俺も、早々にその場から退場した。俺だって命は惜しい。
あげくに、エミリアはラグさんのことをほとんど教えてくれなかった。
もうエミリアは聞いても教えてくれなさそうなので、帰ったらヴァンさんに聞いてみようと思った。不思議なことに昨日から消えなかったもやもやが、嘘のようになくなっている。
結局俺は、そのもやもやの正体を掴めないままだ。
俺は晴れ晴れとした心持ちで、午後の講義を受けて、誰よりも早く大学を出た。
今回は、どのような人格がいるのか、みたいなお話をしようかと思います。
まずは、オリジナル(人格)です。生まれたときからいる人格のことです。基本人格とも呼ばれます。

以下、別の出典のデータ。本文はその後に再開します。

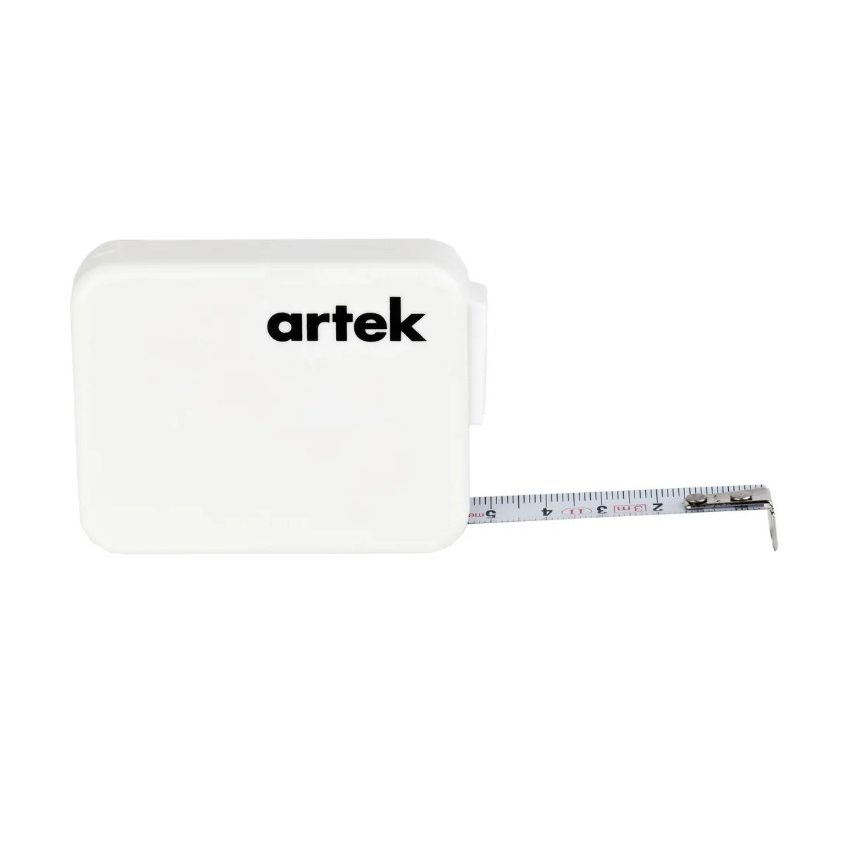 Das Maßband von Artek kommt in einem schlichten, weißen Metallgehäuse mit prominentem Logo. Mit insgesamt 3 Metern Länge können mit dem Maßband von Artek kleine und größere Flächen vermessen werden.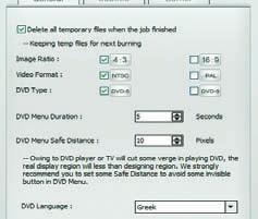 Στην ίδια οθόνη θα βρούμε και άλλες επιλογές, όπως οι αναλογίες οθόνης (4:3 ή 16:9), το τηλεοπτικό σύστημα (NTSC ή PAL) και η χωρητικότητα του DVD (DVD 5 ή DVD 9).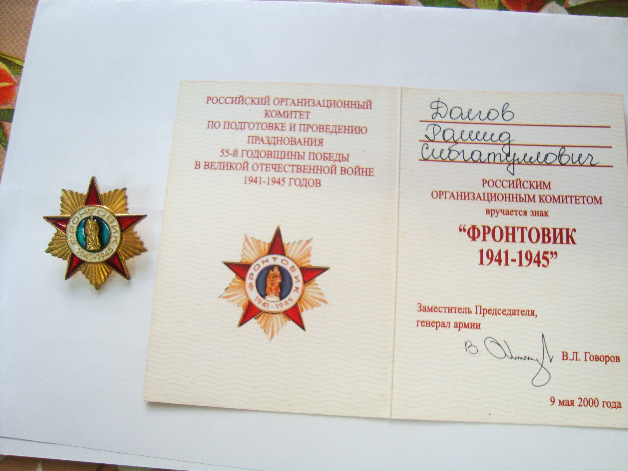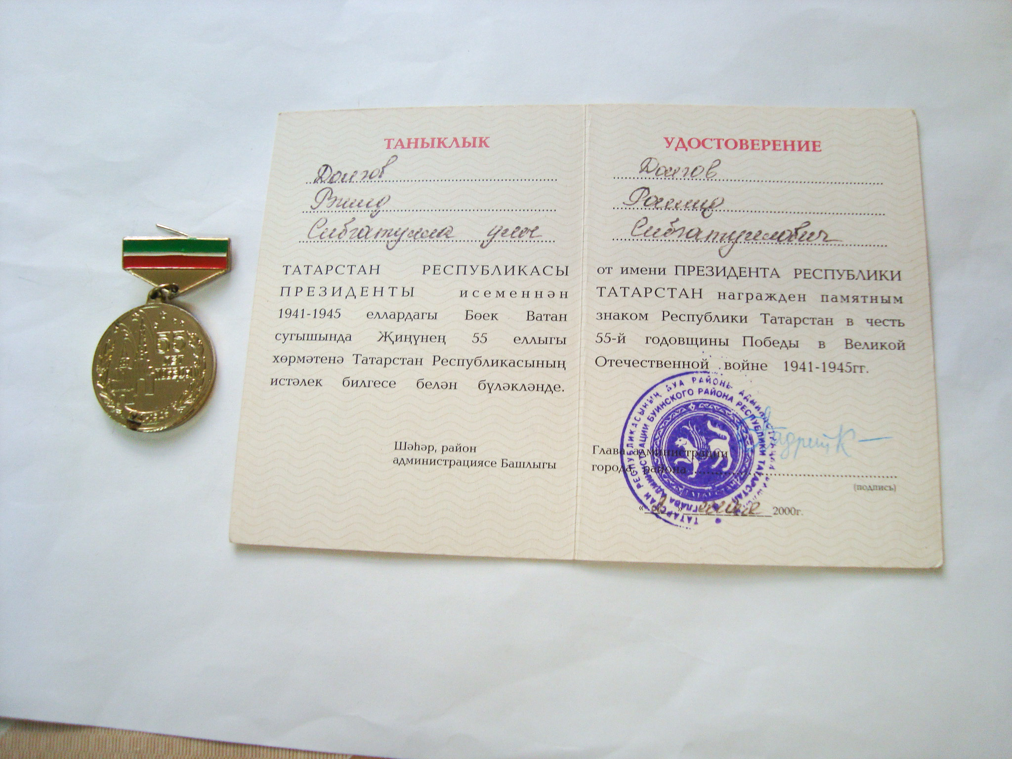 награжден памятным знаком Республики Татарстан в честь 55-й годовщины Победы в Великой Отечественной войне 1941-1945гг.»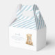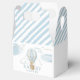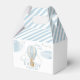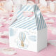 Oso de peluche azul claro que vuela en globo de aire caliente en aventura temática comienza baby ducha caja de agradecimiento.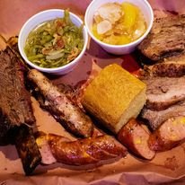 Cooper’s specializes in a variety of smoked meats, including brisket, ribs, sausage, and turkey, along with classic sides like potato salad, coleslaw, and baked beans.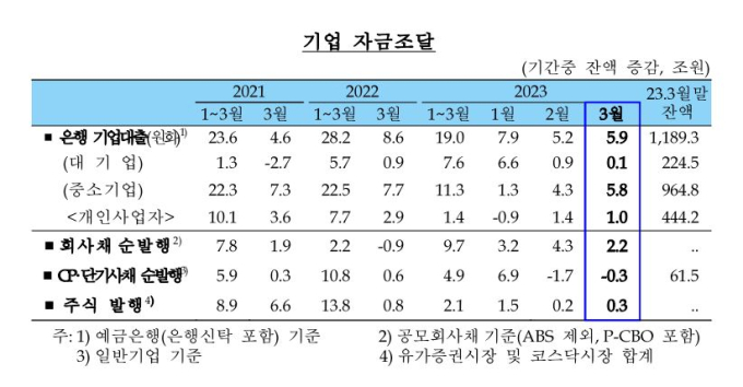 이처럼 가계대출은 꾸준히 감소세를 기록했지만 기업대출은 큰 폭으로 늘어났다는 것이 한국은행의 설명이다. 지난달 기업대출은 전월 말 대비 5조9000억원 증가한 1189조3000억원으로 집계돼 3개월 연속 증가했다. 전월(5조2000억원 증가) 대비 증가폭이 확대됐다. 이는 통계 작성 이후 3월 증감액 기준 세 번째로 큰 수치다.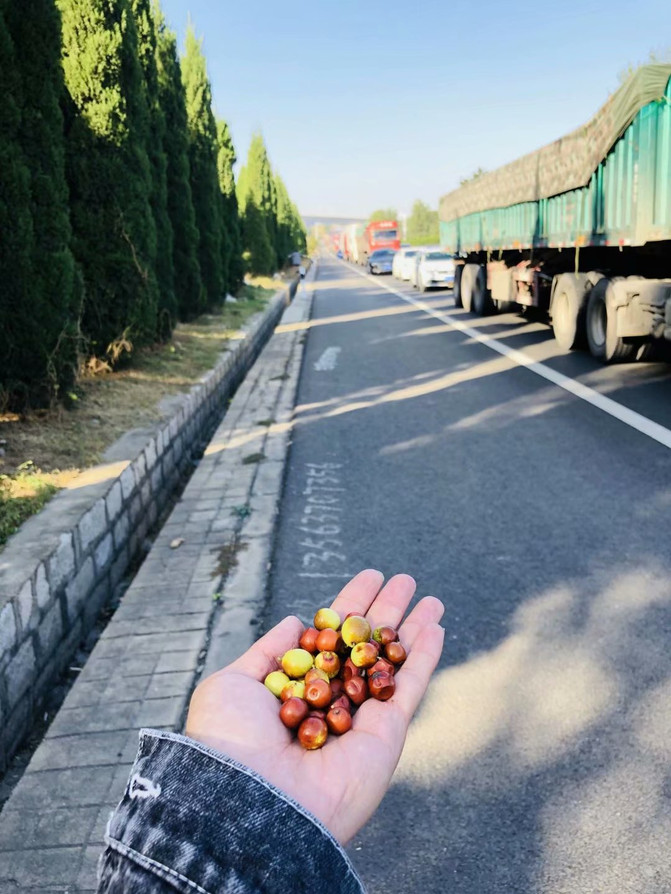 堵车时,有人用伞遮着“唱歌”,有人在野地里摘野酸枣,有人以车的长龙为背景拍照。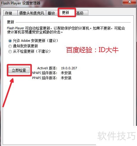 2、 在Adobe Flash Player设置管理器界面中,点击立即检查按钮进行更新。也可选择允许Adobe自动安装更新,以便系统日后自动完成升级,无需手动操作,确保软件始终保持最新状态。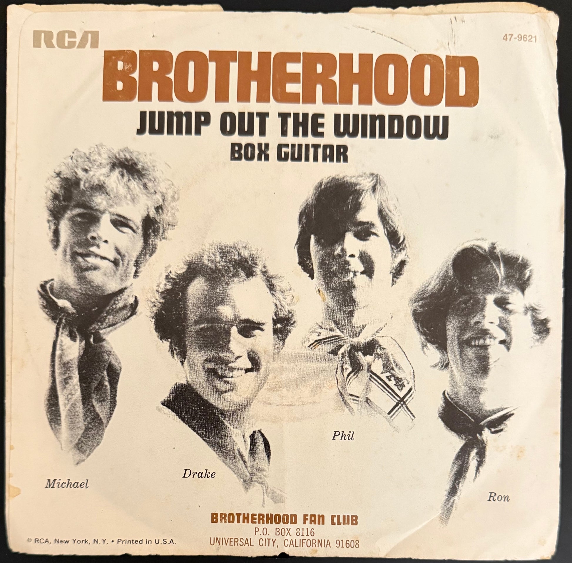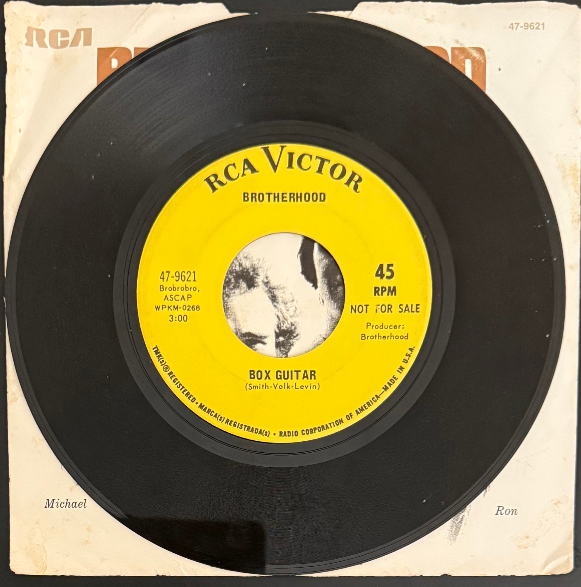 From DEEP in the memorabilia vault - ONE ONLY - This is Mark's copy of 1968 DEMONSTRATION vinyl 45 of Brotherhood's Box Guitar/Jump Out The Window (momo). The vinyl is in very good condition and was only played once or twice. Please see photos for picture sleeve condition. Brotherhood is a group formed by Phil, Drake, and Smitty after they left the Raiders in 1967.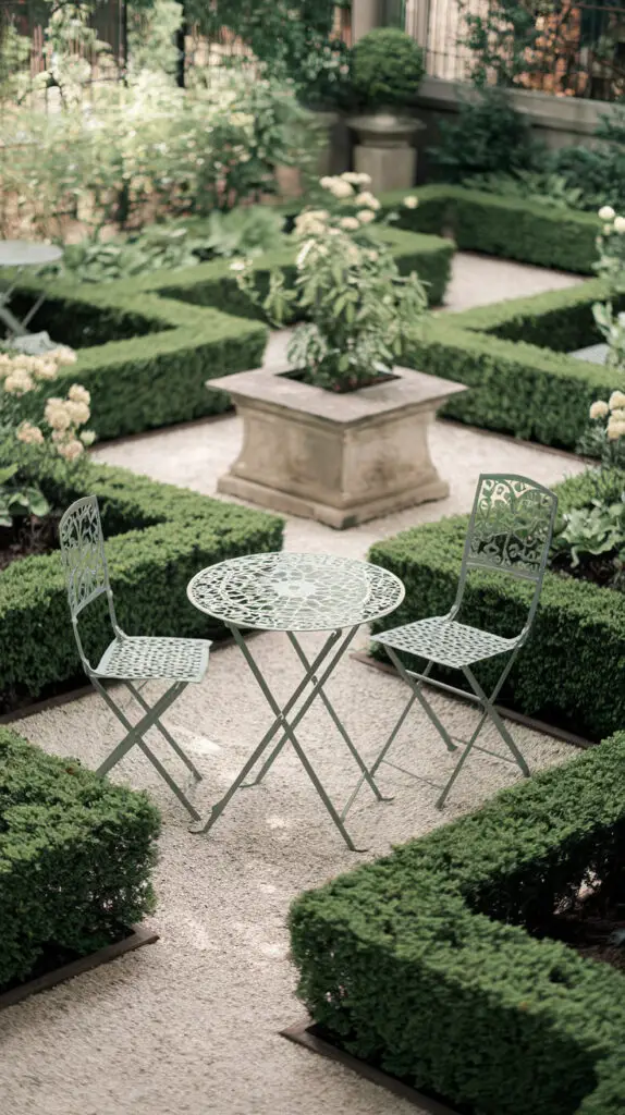 If you lean more French than Italian, try mixing fine gravel paths with structured boxwood plants. Add a little metal garden table or birdcage-style lantern and you’ve got that soft, romantic French garden feel—without needing an estate.

主人格。普段活動している時間が長い人格のことです。オリジナルと間違われやすいそうです。
交代人格。オリジナル以外の人格です。それぞれに個性があり、役割が決まっていることも多いそうです。
保護人格。すべての人格の力関係、肉体を守る役割をする人格だそうです。
これはあくまでも、先生が診察する上での目安のようなもので、この人格が保護人格だ、と決めつけられないこともあるようです。